*DESCRIPTION OF THE TASK:* Copy the data below exactly, but not the pictures it contains.

*DATA SHOWN:*
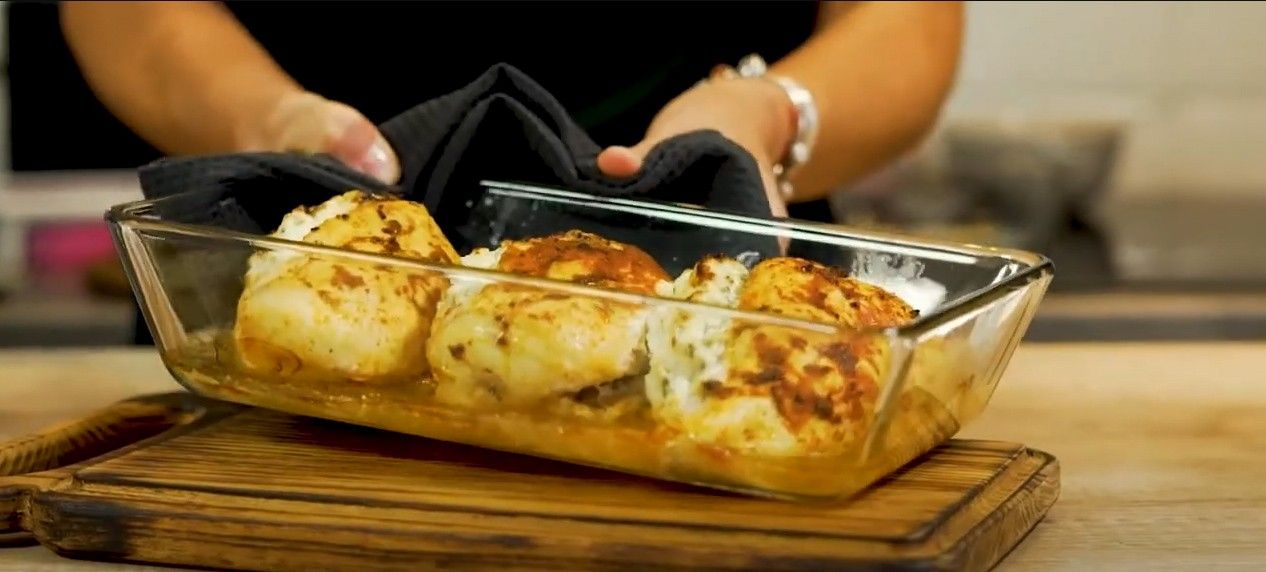 Hapi 3: Përziejini të gjithë përbërësit e mbushjes dhe mbushni “xhepin” e çdo filetoje.
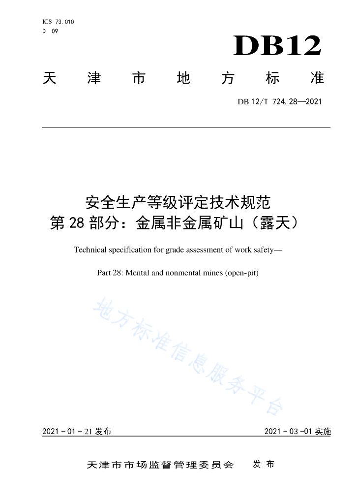DB12/T 724.28-2021 安全生产等级评定技术规范 第28部分:金属非金属矿山(露天)
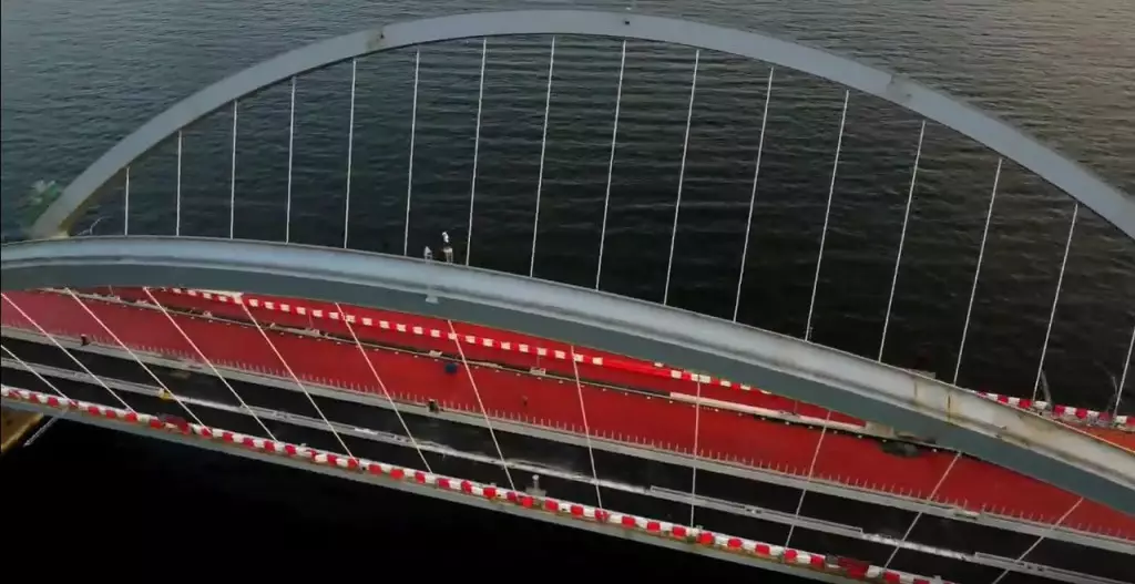 將軍澳跨灣大橋未開通前,涉事青年曾爬上蝴蝶橋鋼架頂上拍攝。(IG影片)

*REPLY:*
 Hapi 3: Përziejini të gjithë përbërësit e mbushjes dhe mbushni “xhepin” e çdo filetoje.
DB12/T 724.28-2021 安全生产等级评定技术规范 第28部分:金属非金属矿山(露天)
 將軍澳跨灣大橋未開通前,涉事青年曾爬上蝴蝶橋鋼架頂上拍攝。(IG影片)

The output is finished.